## [Assignment]
Your answer must be only the lines below from the one containing "2学期終業式の後、新生徒会の" through the one containing "в любой обстановке.", copied exactly, with the pictures left out.

## [Data for this task]
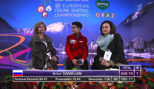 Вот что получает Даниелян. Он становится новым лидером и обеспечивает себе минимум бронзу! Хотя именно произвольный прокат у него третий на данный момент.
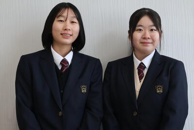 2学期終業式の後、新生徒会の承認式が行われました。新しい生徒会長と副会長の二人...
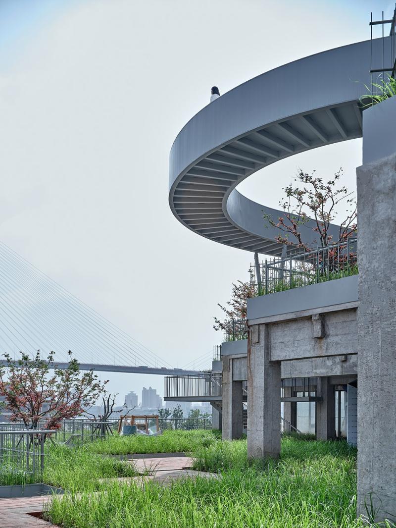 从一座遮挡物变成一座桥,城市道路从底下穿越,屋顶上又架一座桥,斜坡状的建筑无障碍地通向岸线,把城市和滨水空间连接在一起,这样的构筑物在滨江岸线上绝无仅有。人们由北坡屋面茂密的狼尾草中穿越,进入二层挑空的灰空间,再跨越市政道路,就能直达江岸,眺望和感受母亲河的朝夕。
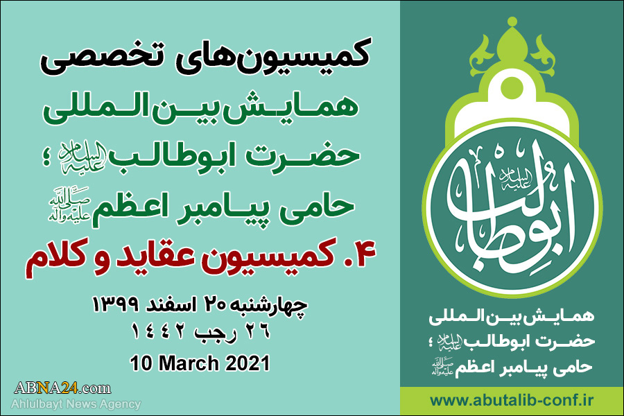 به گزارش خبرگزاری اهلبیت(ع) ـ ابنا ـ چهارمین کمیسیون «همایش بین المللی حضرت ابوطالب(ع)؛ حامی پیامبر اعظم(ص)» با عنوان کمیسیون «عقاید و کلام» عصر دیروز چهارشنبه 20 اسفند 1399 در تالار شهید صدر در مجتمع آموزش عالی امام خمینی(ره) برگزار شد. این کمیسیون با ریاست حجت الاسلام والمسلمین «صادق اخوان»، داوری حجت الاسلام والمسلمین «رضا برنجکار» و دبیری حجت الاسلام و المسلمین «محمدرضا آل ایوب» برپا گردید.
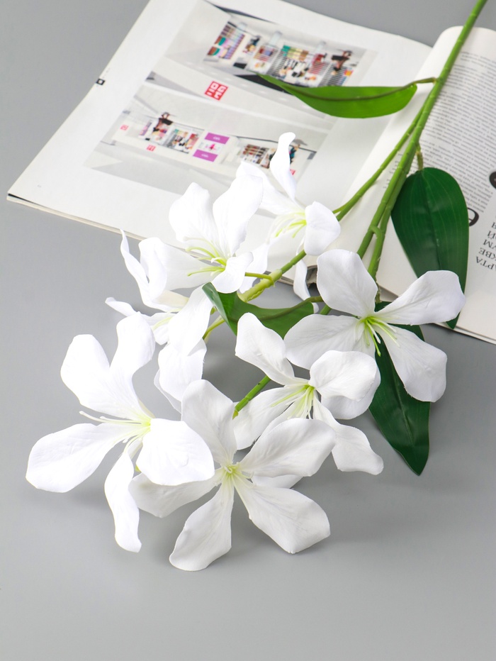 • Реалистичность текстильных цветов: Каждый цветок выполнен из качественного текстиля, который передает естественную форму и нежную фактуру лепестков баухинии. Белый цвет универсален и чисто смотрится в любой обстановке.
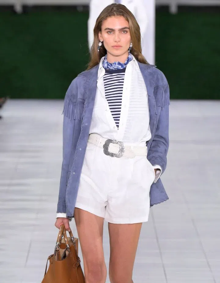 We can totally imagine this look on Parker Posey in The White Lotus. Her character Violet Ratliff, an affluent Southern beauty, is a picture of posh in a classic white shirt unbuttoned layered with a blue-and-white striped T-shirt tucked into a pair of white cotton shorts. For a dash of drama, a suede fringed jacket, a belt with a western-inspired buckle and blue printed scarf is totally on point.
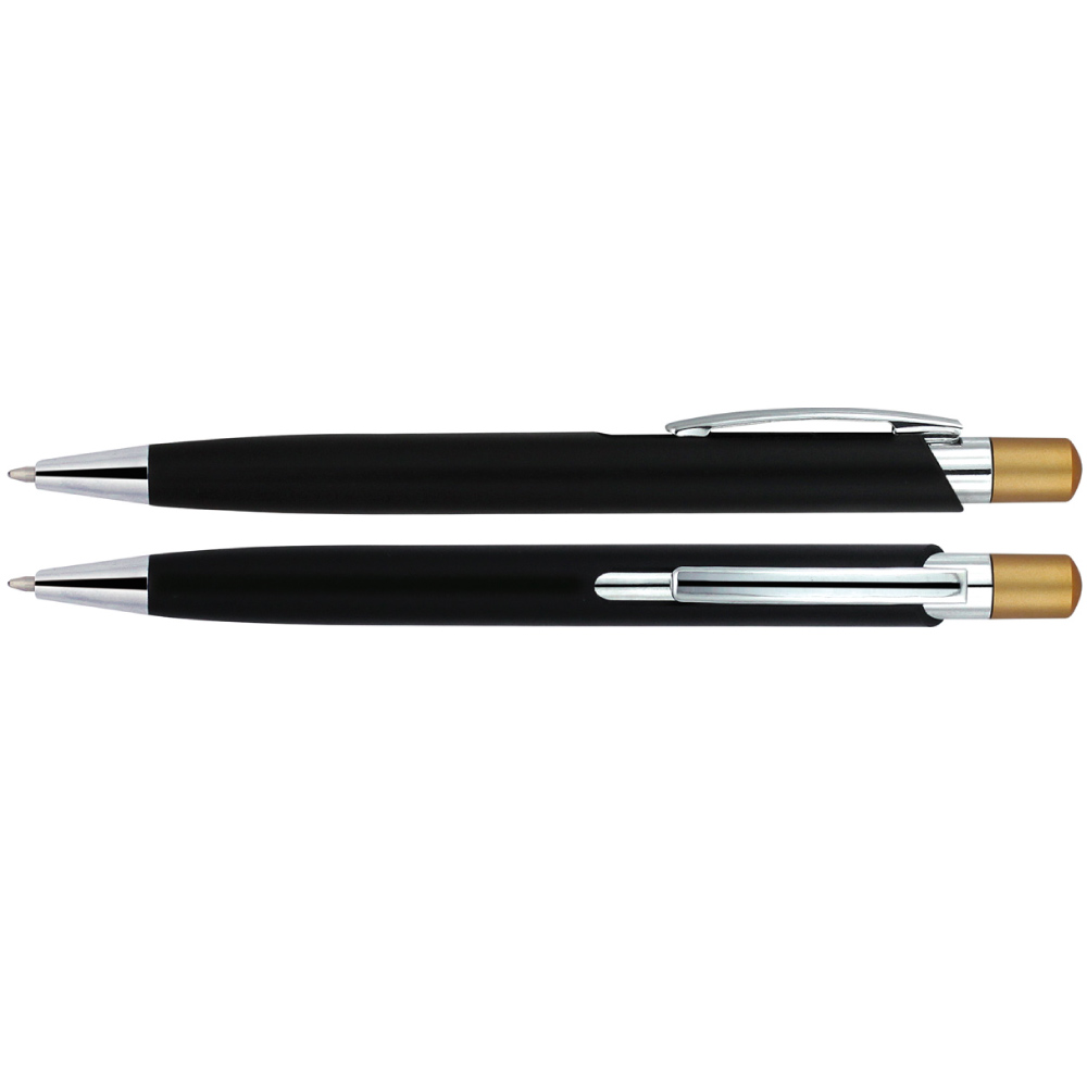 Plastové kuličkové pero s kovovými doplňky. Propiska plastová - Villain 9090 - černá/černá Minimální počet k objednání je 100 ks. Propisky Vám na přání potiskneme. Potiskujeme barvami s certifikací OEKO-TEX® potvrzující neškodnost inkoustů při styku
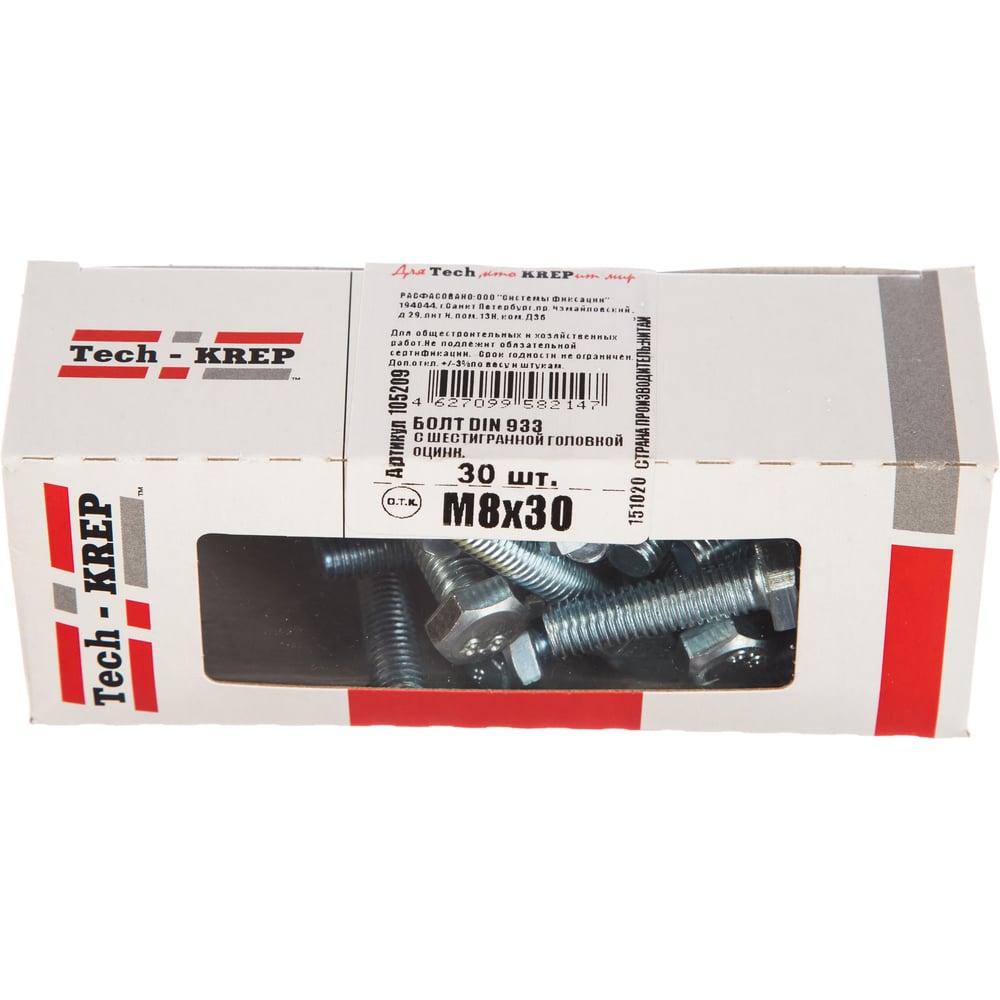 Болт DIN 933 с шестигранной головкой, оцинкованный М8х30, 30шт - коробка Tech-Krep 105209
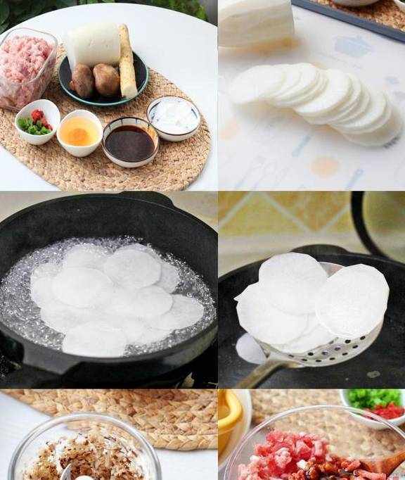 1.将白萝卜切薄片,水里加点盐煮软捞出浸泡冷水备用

## [Answer to this task]
 2学期終業式の後、新生徒会の承認式が行われました。新しい生徒会長と副会長の二人...
 从一座遮挡物变成一座桥,城市道路从底下穿越,屋顶上又架一座桥,斜坡状的建筑无障碍地通向岸线,把城市和滨水空间连接在一起,这样的构筑物在滨江岸线上绝无仅有。人们由北坡屋面茂密的狼尾草中穿越,进入二层挑空的灰空间,再跨越市政道路,就能直达江岸,眺望和感受母亲河的朝夕。
 به گزارش خبرگزاری اهلبیت(ع) ـ ابنا ـ چهارمین کمیسیون «همایش بین المللی حضرت ابوطالب(ع)؛ حامی پیامبر اعظم(ص)» با عنوان کمیسیون «عقاید و کلام» عصر دیروز چهارشنبه 20 اسفند 1399 در تالار شهید صدر در مجتمع آموزش عالی امام خمینی(ره) برگزار شد. این کمیسیون با ریاست حجت الاسلام والمسلمین «صادق اخوان»، داوری حجت الاسلام والمسلمین «رضا برنجکار» و دبیری حجت الاسلام و المسلمین «محمدرضا آل ایوب» برپا گردید.
 • Реалистичность текстильных цветов: Каждый цветок выполнен из качественного текстиля, который передает естественную форму и нежную фактуру лепестков баухинии. Белый цвет универсален и чисто смотрится в любой обстановке.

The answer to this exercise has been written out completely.